According to the present invention, even when the production amount of the sinter is increased, the sinter can be sufficiently cooled and can be dealt with by small-scale equipment modification, which is economically advantageous.

[Brief description of the drawings]

FIG. 1 is a layout diagram showing an example of a cooling device of the present invention, which is shown together with a block diagram of a piping system.

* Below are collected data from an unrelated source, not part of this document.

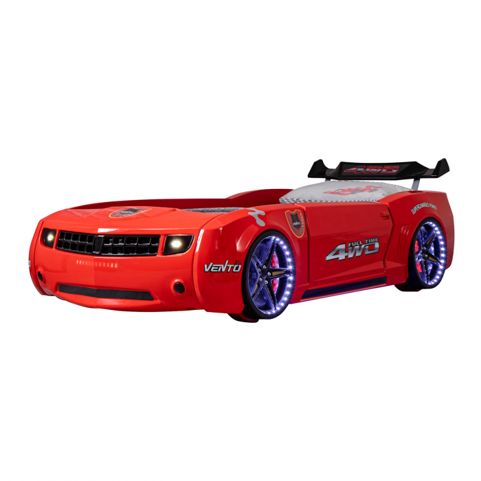 Pat pentru copii masina CAMARO, cu leduri, rosu, 90×190 cm
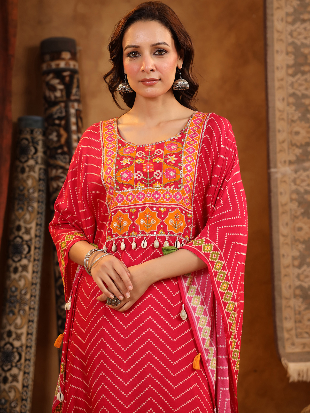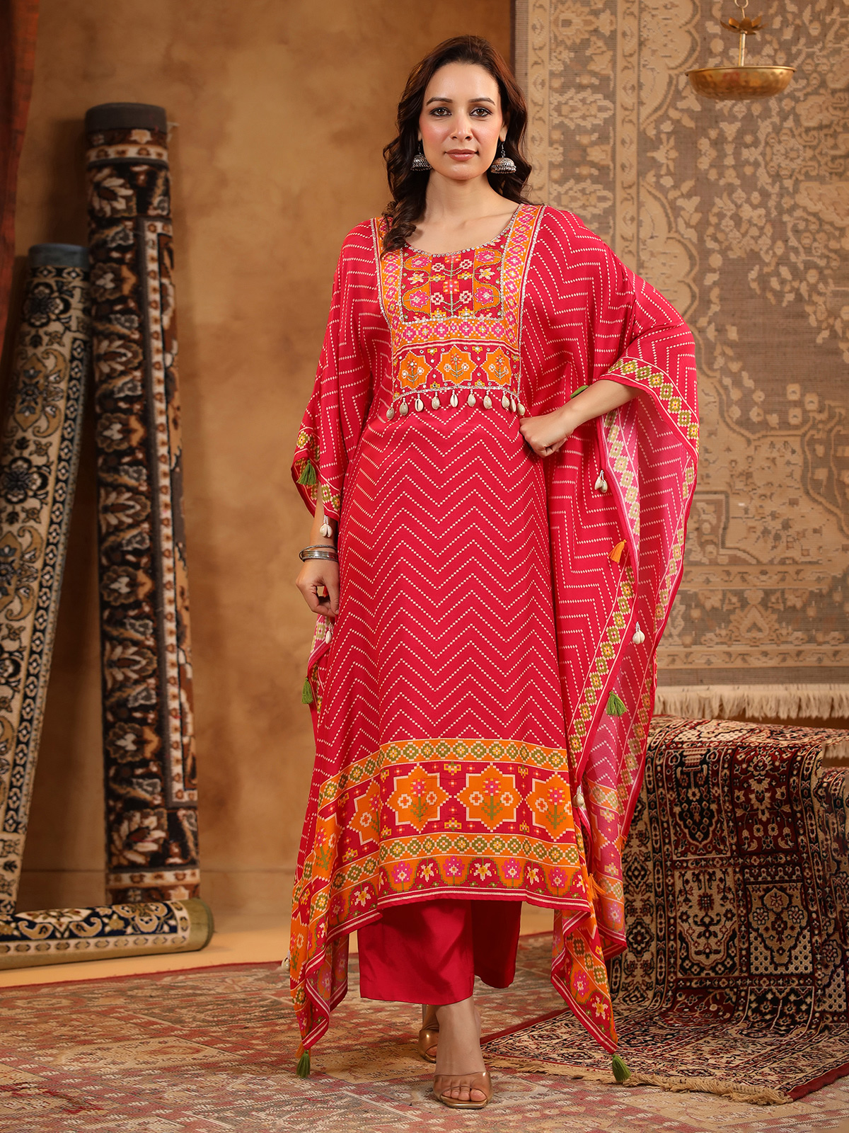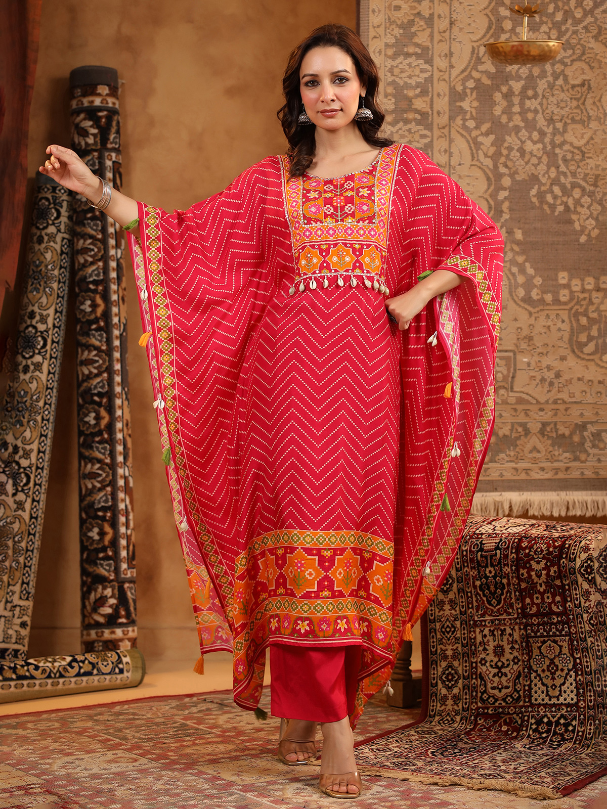 Striking red silk kaftan style kurti set featuring printed detailing and adorned with cowrie shells, mirror, pearls, sequins and resham work. Designed with a round neckline, this festive ensemble is paired with a pant for contemporary ethnic celebrations.
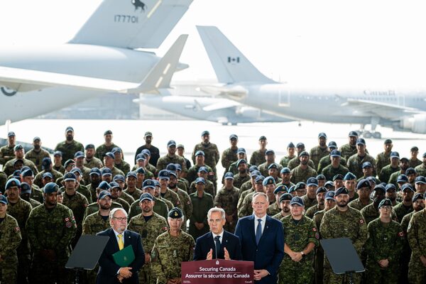 Mr. Carney holds a press conference at CFB 8 Wing Trenton in August after touring the facility. As Canada embarks on a defence spending increase not seen in generations, there is an opportunity for Canada to re-establish a burgeoning domestic industry.Spencer Colby/The Canadian Press
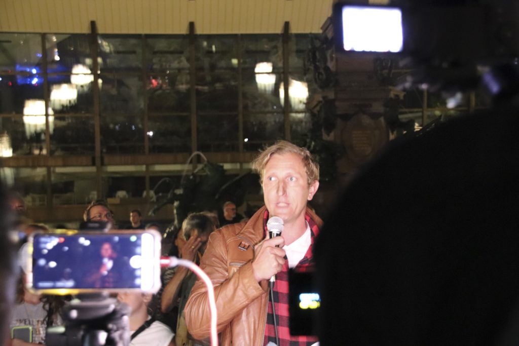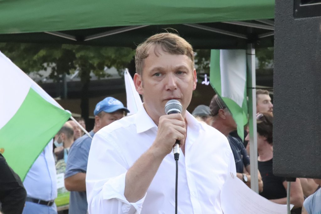 Als die rechten Teilnehmer*innen schließlich zurück am Augustusplatz waren, durfte Anselm Lenz eine Rede halten. Lenz ist Mitbegründer der Berliner „Hygiene Demos“. Er und die rechtsextreme Szene bezeichnen ihn als links. Er, der auf einer rechtsextremen Veranstaltung spricht, nennt hingegen die Linkspartei zum Ende der Kundgebung „gefälschte Linke“.
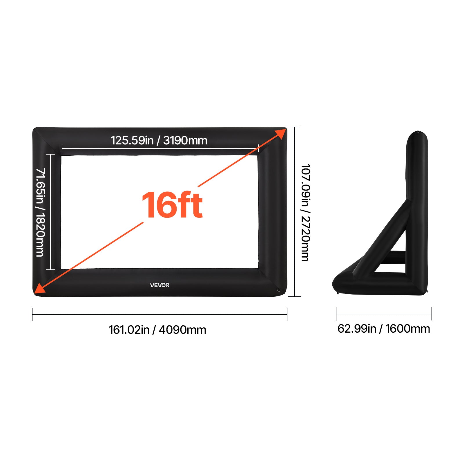 VEVOR 14/16/20FT Inflatable Projector Screen, Inflatable Movie Screen Outdoor with 120/250W Air Blower Projector Screen Oxford Fabric Material Blow Up Screen for Outdoor Backyard, Home Theater, Theme Party
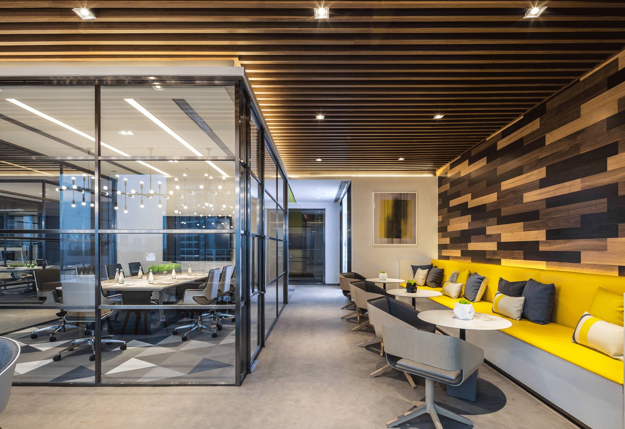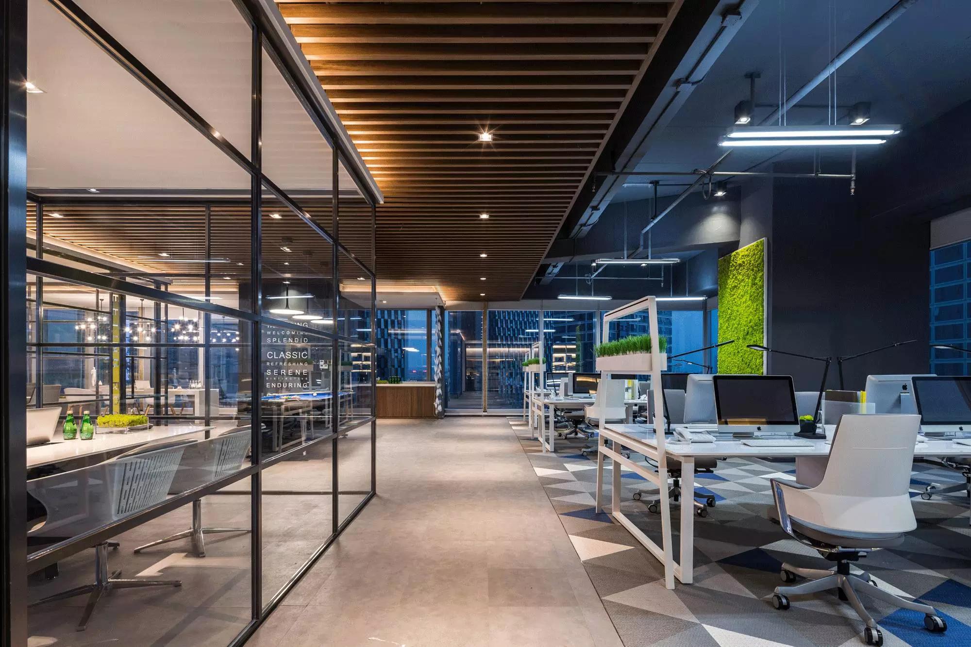 采納了“自由”空間慣用的開放式設(shè)計,拋棄了沉悶的障礙物、墻壁,僅預(yù)留必要的墻體,并用少數(shù)玻璃分割不同的空間,多人會議室、小組會議室的靈活設(shè)計,動線連貫流暢,充分滿足了現(xiàn)代科技空間“樂活、高效”的辦公需求。
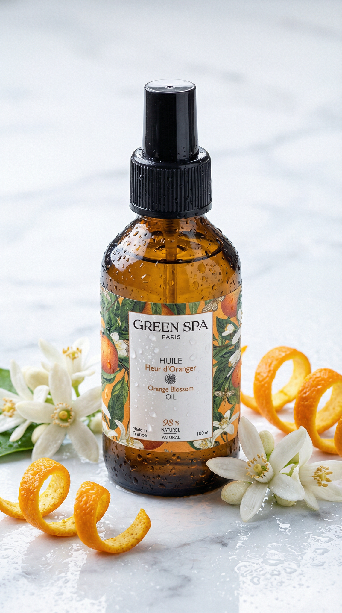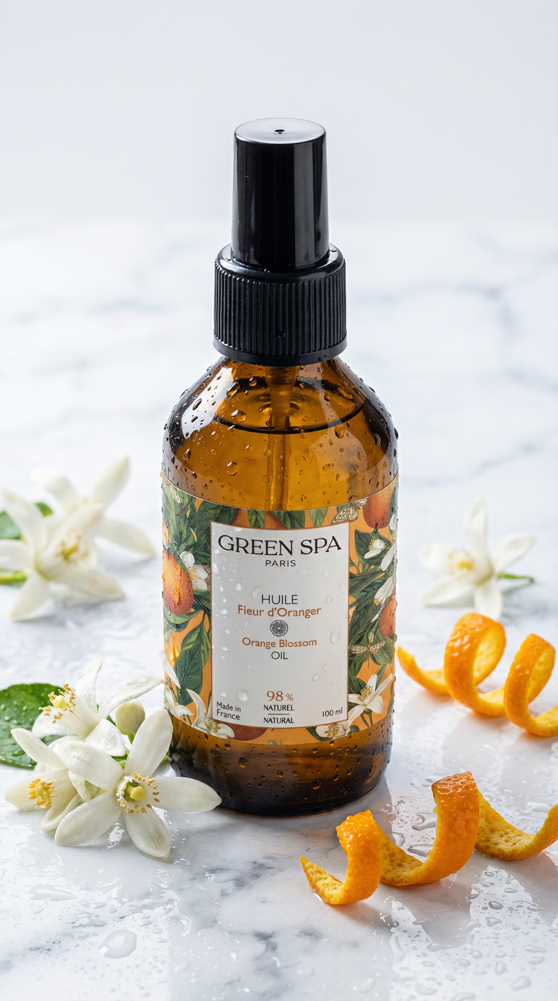 Un voyage sensoriel unique : Utilisée depuis des siècles dans les rituels méditerranéens, la fleur d’oranger est synonyme de bien-être et de raffinement. Green Spa magnifie cet héritage à travers une huile soyeuse qui glisse parfaitement sous les mains, transformant chaque jour en véritable parenthèse d’évasion estivale.
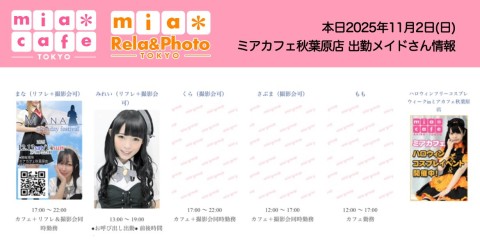 👑本日11月2日(日)のミアカフェ秋葉原店
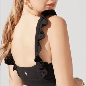 It’s a sports bra straight out of a romance novel. This bra features the most romantic, ruffled shoulder straps, a daring square neckline, and a flirty low back.
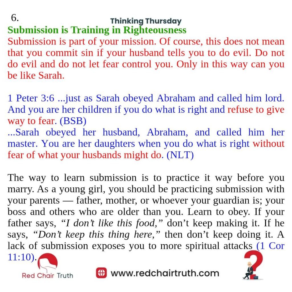 Submission is part of your mission. Of course, this does not mean that you commit sin if your husband tells you to do evil. Do not do evil and do not let fear control you. Only in this way can you be like Sarah.
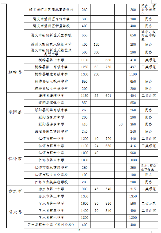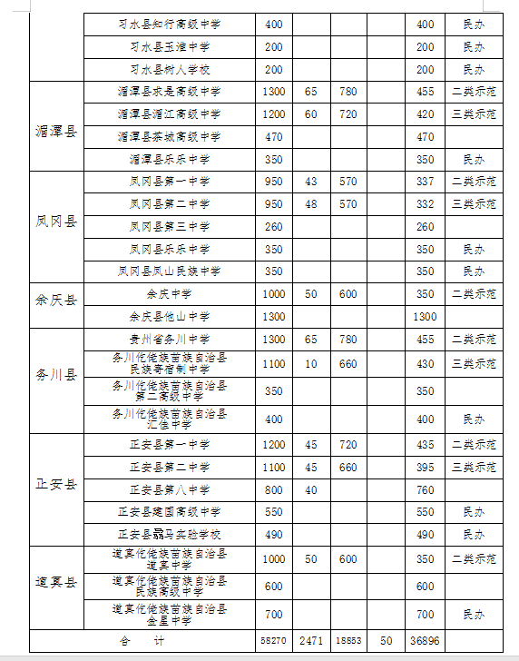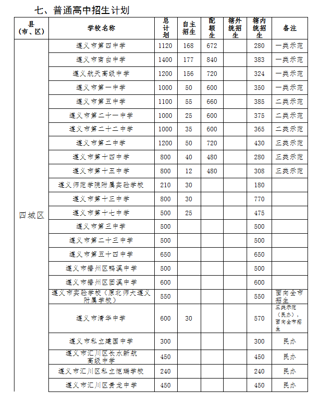 说明:高中学校招生计划、中职(技工)学校计划、“3+4”中本贯通和五年制大专招生计划均以“遵义市招生考试网”(http://www.zyszsksb.cn/)上公布的为准。
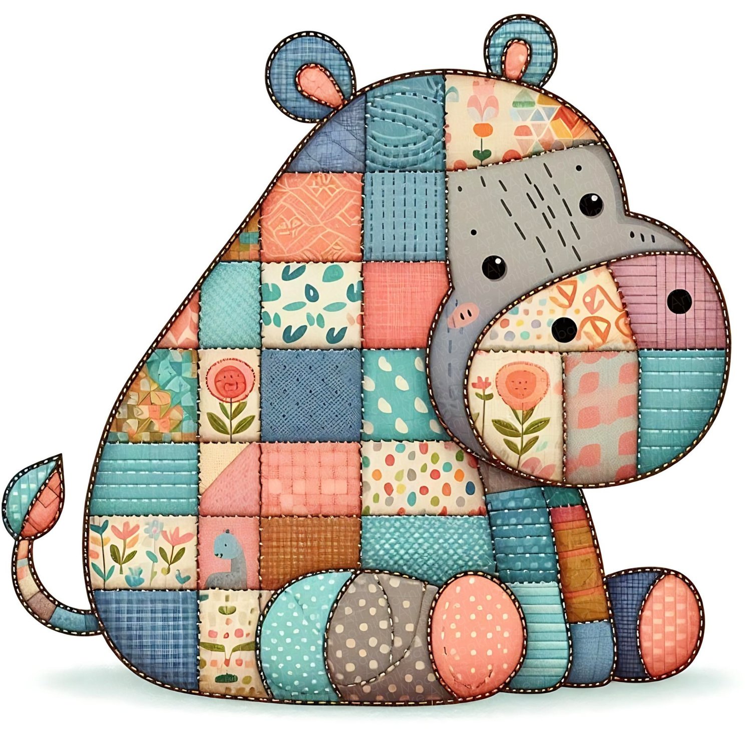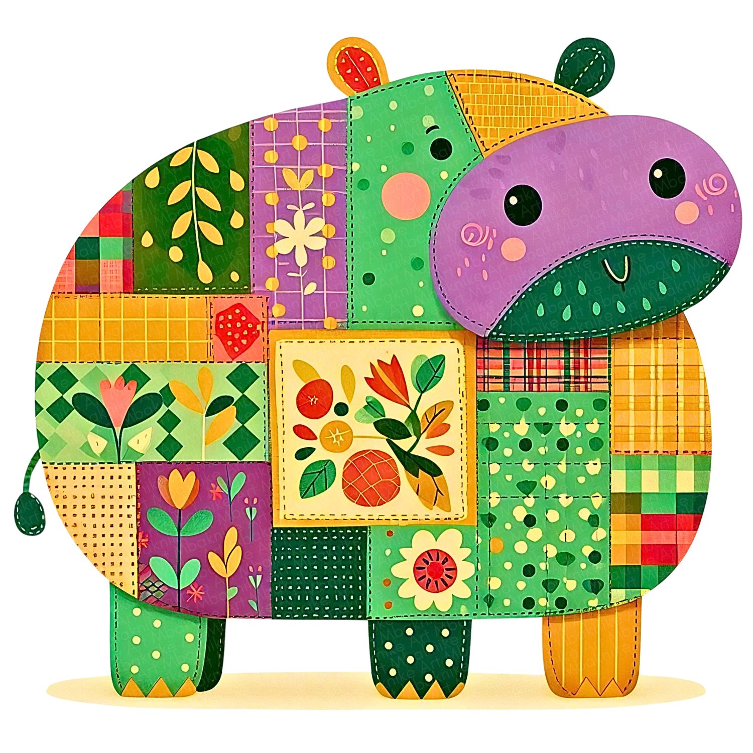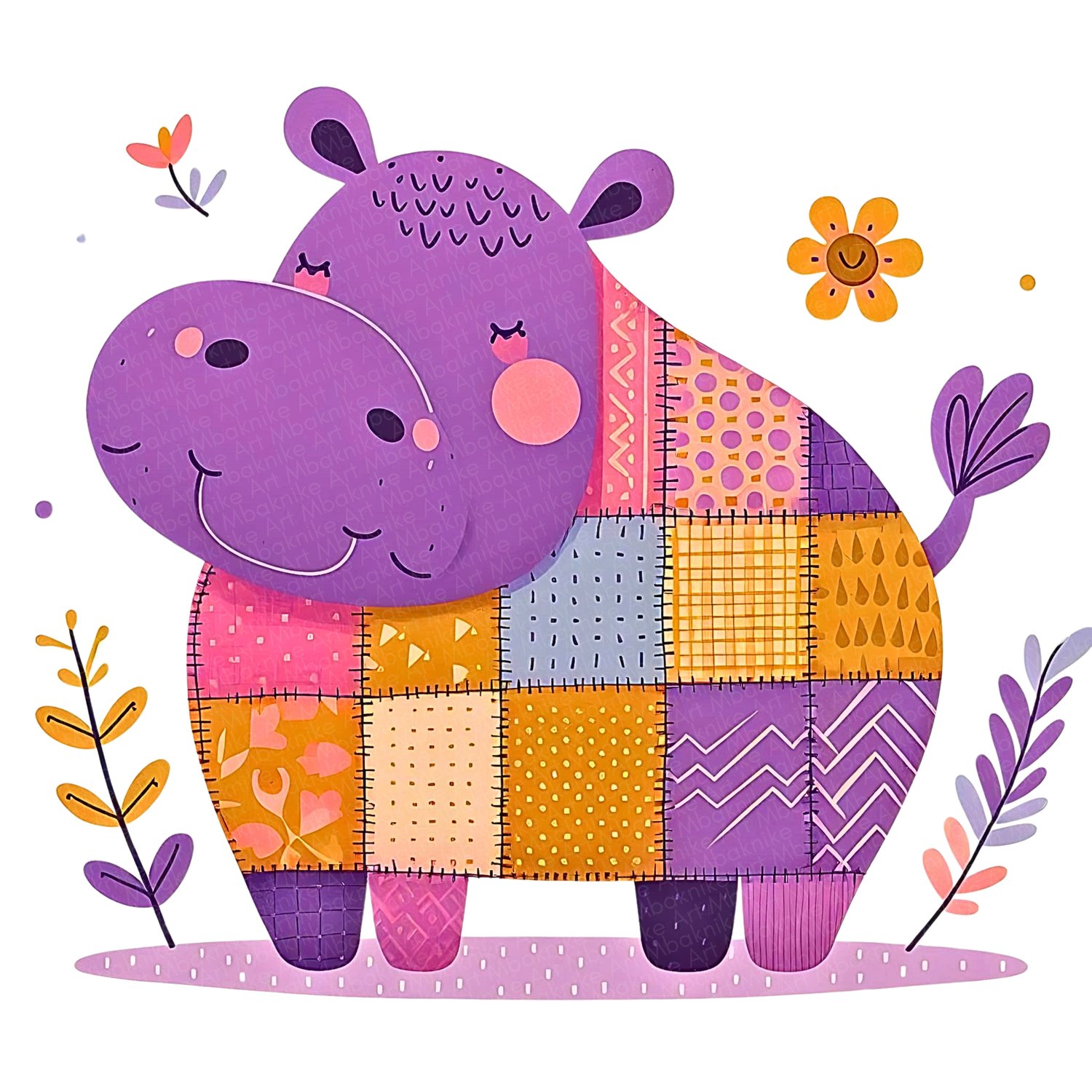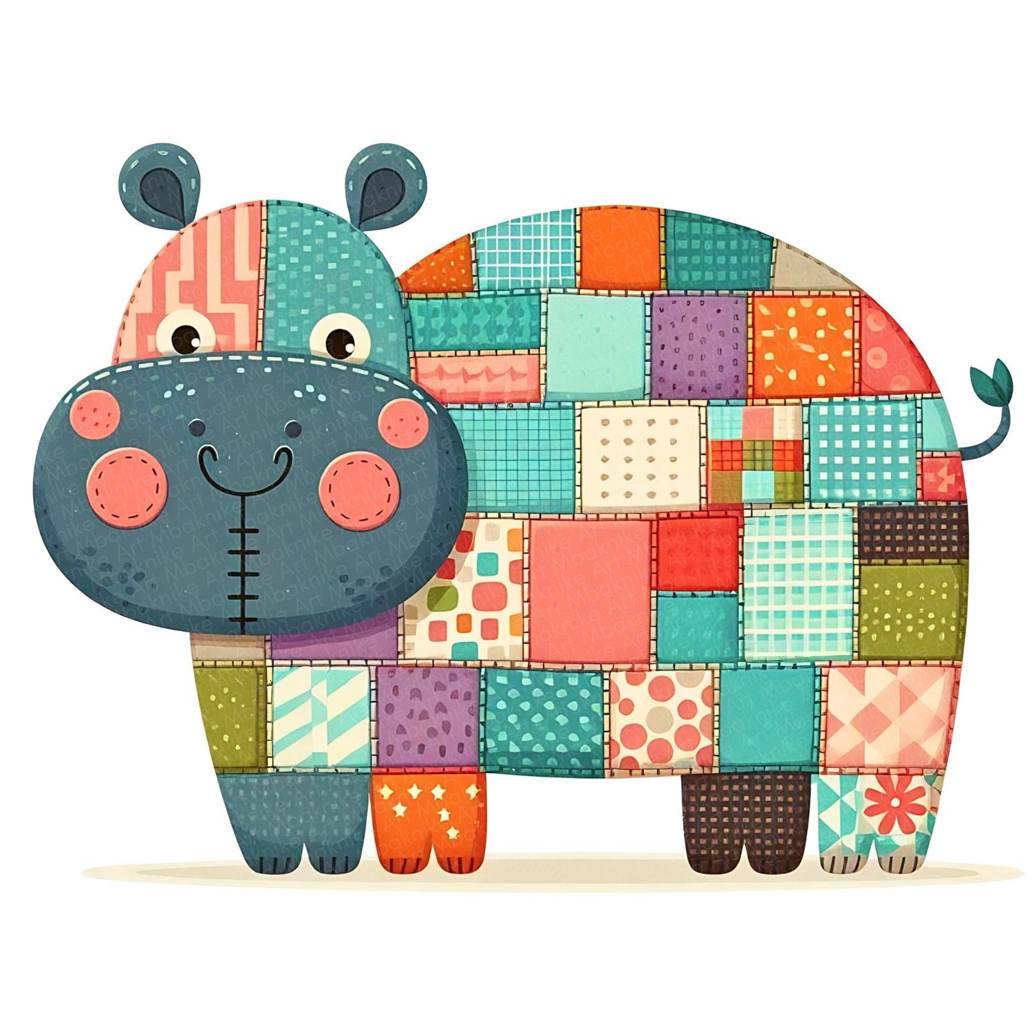 This digital product includes 60 images of Patchwork Hippo in JPG format, 4096x4096 px size.

FIG. 2 is a layout diagram showing an example of a conventional cooling device, which is shown together with a block diagram of a piping system.

[Explanation of symbols]

 DESCRIPTION OF SYMBOLS 1 Chute 2 Conveyor 3 Sinter 4 Exhaust heat recovery zone hood 5 Non-exhaust heat recovery zone hood 6 Partition plate 7 Heat exchanger 8 External air intake 9 Circulation fan 10 Circulation pipe 11 Branch pipe 12 Damper 13 Dust collector 14 Exhaust fan 15 Discharge Cylinder 16 exhaust fan

Claims (1)

[Claims] 1. A cooling device for a sintered ore discharged from a sintering machine and then hot crushed, wherein the waste heat recovery zone hood covers the sinter ore placed and moving on a conveyor from above. A heat exchanger for collecting the exhaust heat of the hot air collected from the exhaust heat recovery zone hood, and a circulation fan for circulating the hot air after the exhaust heat recovery to the lower side of the sintered ore under the exhaust heat recovery zone hood. A circulating pipe provided with a circulating pipe, an outside air suction port for sucking outside air into the circulating pipe and mixing with the hot air after the exhaust heat recovery, and branching the circulating pipe to send a cooling gas in the circulating pipe to an exhaust pipe. A cooling device for a sintered ore, comprising: a branch pipe to be supplied; and a damper disposed in the branch pipe.